Muitos realizadores e realizadoras independentes filmavam em vídeo e, para que o filme fosse mais exibido, se houvesse dinheiro, o ideal era fazer uma cópia em 35mm. Filmar e finalizar em 35mm era caro demais. Em 2007, quando começamos a filmar Morada, já havia câmeras disponíveis para a produção audiovisual em Belo Horizonte que gravavam em fullHD (1.080 linhas), entretanto, não tínhamos dinheiro para tal. Conseguimos gravá-lo em miniDV com a qualidade de 720 X 480 linhas, que era uma boa qualidade de imagem para a época, e depois queríamos que o corte final fosse passado para o suporte em película 35 mm via um processo que chamávamos blow-up ou transfer. Era um processo com nome difícil, mas era um sistema muito analógico, na verdade. Uma câmera 35mm filmava com uma lente de detalhe, uma tela de vídeo muito pequena em uma caixa totalmente vedada. Esse sistema de transferência do corte final para película era extremamente caro, custava mais ou menos 30% do valor do orçamento e, ainda assim, era muito mais barato do que filmar o curta-metragem todo em 35 mm.
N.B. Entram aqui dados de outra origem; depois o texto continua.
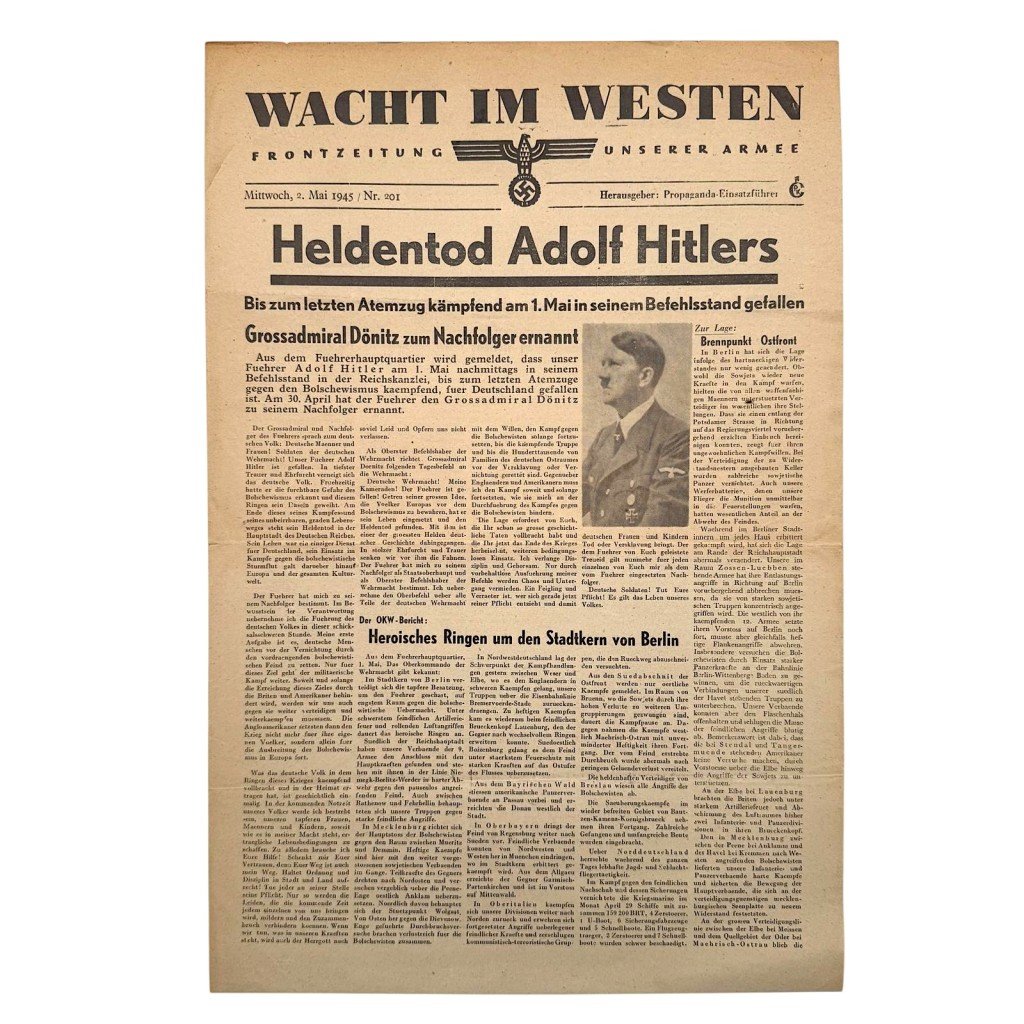 Original WWII German newspaper 'Wacht im Westen' with death of Adolf Hitler – May 2, 1945

Cada lata de negativo era caríssima assim como era muito caro alugar uma câmera que viria de outro estado, revelar os negativos, montar em película e finalizar. A maioria dos grandes festivais de cinema nacionais e internacionais quase não aceitavam obras não finalizadas em 35mm. E quando aceitava obras finalizadas em vídeo, eram filmes que a narrativa era experimental. Eu acreditava que Morada, um documentário narrativo e dramático precisava ter uma cópia 35mm para circular. Meu desejo era que o filme que eu faria, finalmente com financiamento público, tivesse a oportunidade de passar em vários lugares e naquela altura. Para isso, calculei no orçamento enviado para o edital da prefeitura que cada minuto de um transfer feito de vídeo para 35mm custaria em torno de R$ 1.500,00. Um total de R$ 22.500,00. O valor aprovado para fazer o filme foi de R$ 68.985,00, ou seja, um terço do valor do filme iria para a cópia em película. Sem contar todo o processo laboratorial que teríamos que fazer com o som para uma cópia em 35mm.


Valor aprovado do projeto “Morada” no documento da Fundação Municipal de Cultura de Belo Horizonte.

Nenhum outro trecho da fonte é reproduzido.